I’ve never personally met Judge Brinkema, who sits in the U.S. District Court a few blocks from our home in Alexandria. But, I’m familiar with her work. Occasionally, one of my custody/bond decisions from the Arlington Immigration Court ended up before her for judicial review by habeas corpus. Sometimes she upheld my decision, sometimes not.

On several occasions, she ordered me to conduct immediate individualized custody hearings for detained individuals notwithstanding BIA precedent to the contrary. I always complied immediately, just as she had ordered. The DHS Arlington Chief Counsel also got on board. Judge Brinkema wasn’t someone you wanted to “mess around with.”

Unlike U.S. Immigration Judges, who were given statutory contempt of court powers by the Congress, only to have that authority withheld by the U.S. Dept. of Justice over three Administrations, Democratic and Republican, Judge Brinkema has authority to hold individuals, including U.S. Government officials, in contempt of court for disobeying her orders. And, I never had the impression that she would be reluctant to do that when necessary.

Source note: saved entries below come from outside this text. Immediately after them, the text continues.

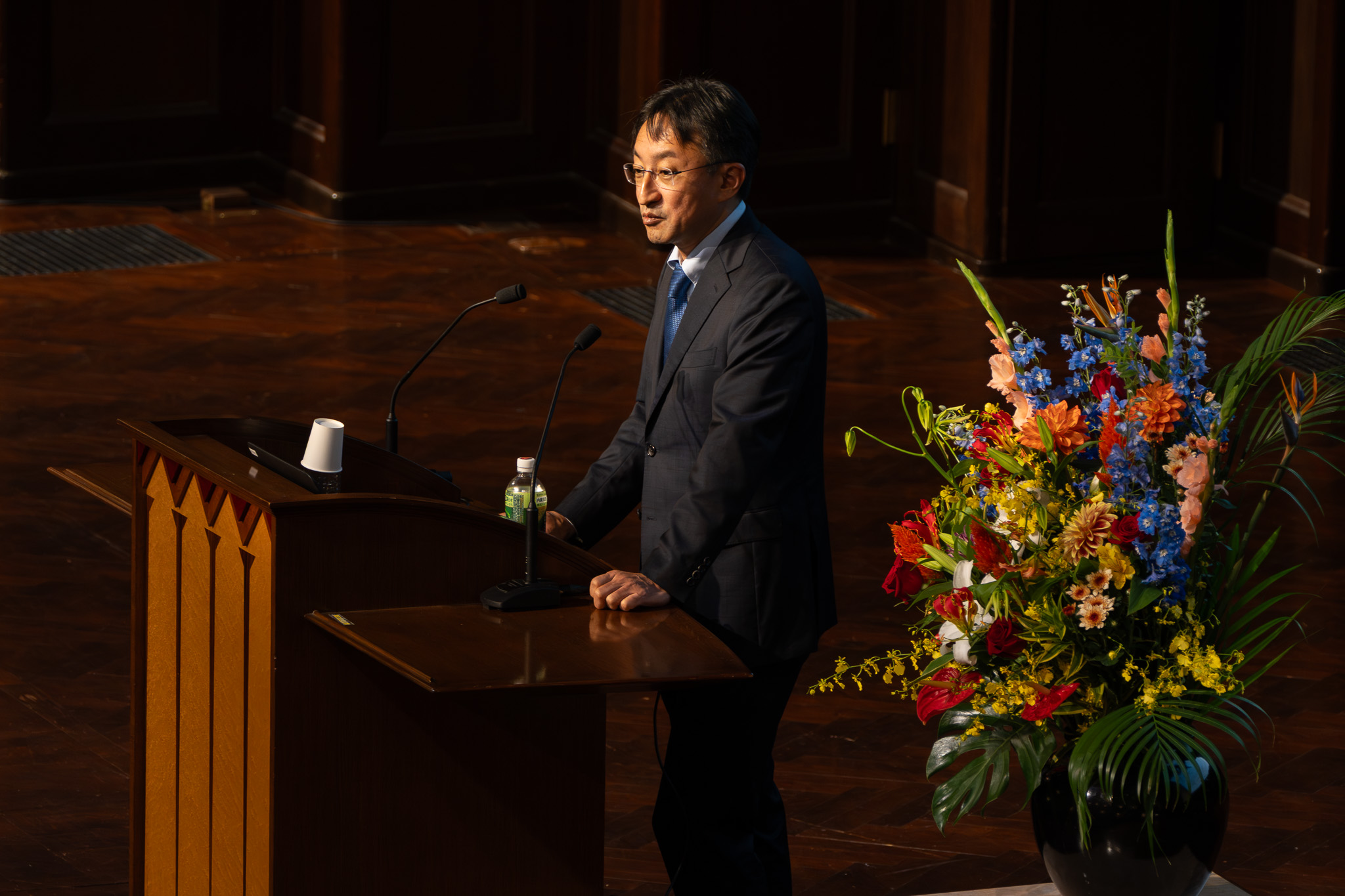 全国青年会の創立 30 周年を記念した歴代会長のメッセージ動画の放映に続き、基調講演として坂本会長が登壇しました。坂本会長は、組織変革を担うリーダーに求められる視点として「自らの変化から始める重要性」を強調し、全国青年会の先輩方への感謝とともに、未来を創るのは現在の青年会であると決意を表明しました。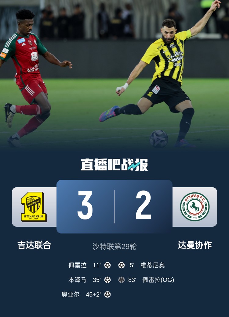 沙特聯(lián)-吉達聯(lián)合3-2達曼協(xié)作6分領(lǐng)跑 本澤馬傳射佩雷拉破門+烏龍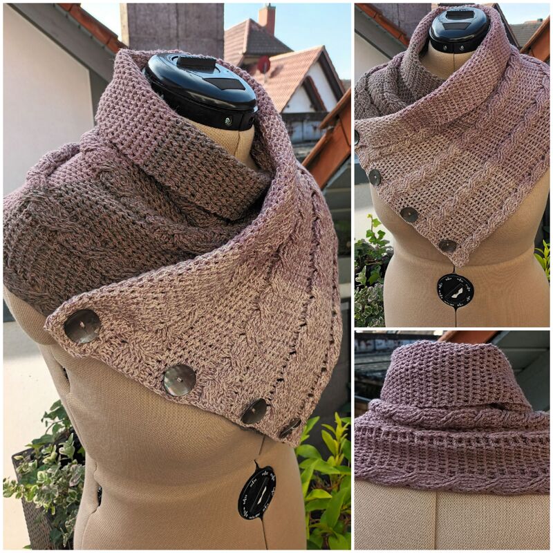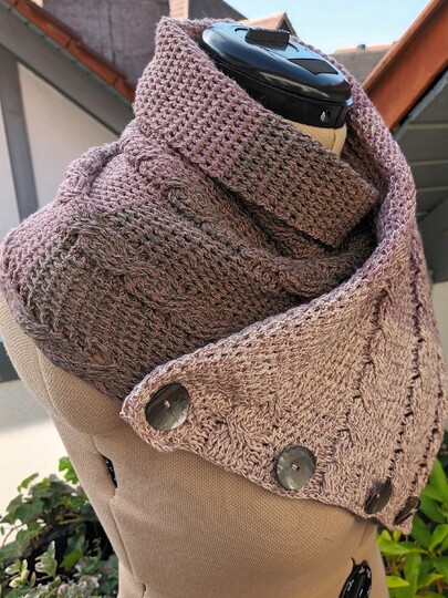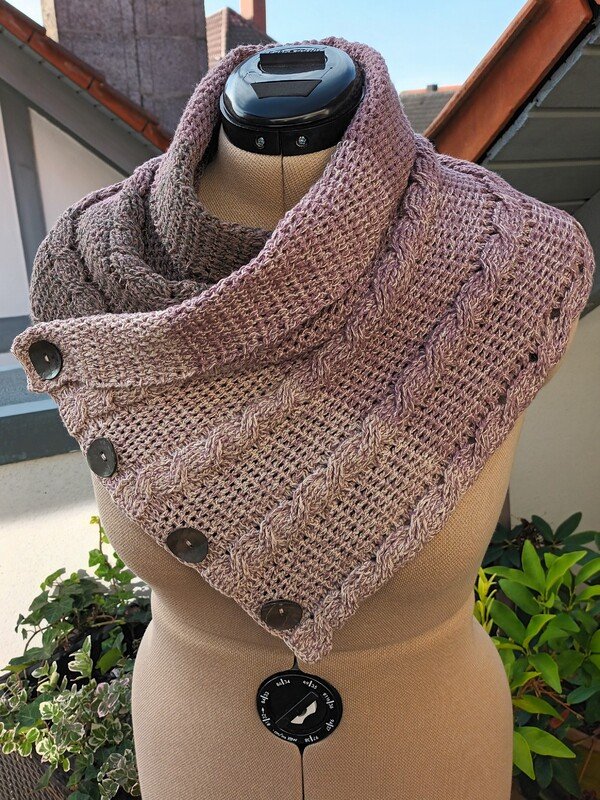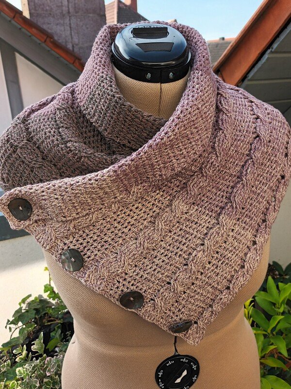 Damit Du deinen Schal trotzdem öffnen und schließen kannst, was ja sehr praktisch sein kann, sind darunter unsichtbar Druckknöpfe angebracht.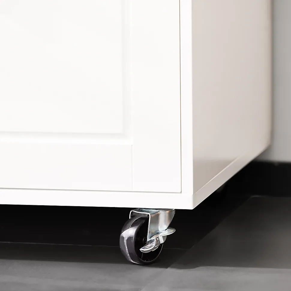 SoBuy FSB78-W Buffet Commode sur Roulettes Meuble Micro-ondes Armoire de cuisine design nordique contemporain et 1 porte vitrée : idéale pour ajouter une touche de modernité et d’élégance supplémentaire à votre intérieur.Une niche ouverte fermé et une fermée pour ranger votre four, micro-ondes, grille-pain ou autres petits appareils électroménagers.Le trou rond à l’arrière de chaque compartiment laisse passer les fils, ce qui cache bien les fils.Deux compartiments fermés et un tiroir pratique pour ranger vos ustensiles, vaisselle ou autres accessoires.L’étagère derrière la porte vitrée peut être ajustée à trois hauteurs pour maximiser l’espace de stockage.Le plateau haut vous offre d’espace supplémentaires pour votre machine à café à capsules, les bougies, les albums photos, etc.Avec les 4 roulettes de haute qualité (dont 2 avec freins), vous pouvez placer cette armoire de cuisine là où vous en avez besoin.Détails:- Matière : MDF classe E1 et verre.- Dimensions : 88,5 x 40 x 89 cm.- Capacité de charge : jusqu’à 60 kg.- Poids d’envoi : 28 kg.

Additionally, failure to comply with court orders can result in large attorney fee awards against the Government under the Equal Access to Justice Act. If the reports of non-compliance are true, it seems that DHS and their lawyers are “playing with fire” here.

Remember guys, this isn’t Immigration Court. Article III Judges have life tenure, and they don’t work for the President. He’s just another party to them.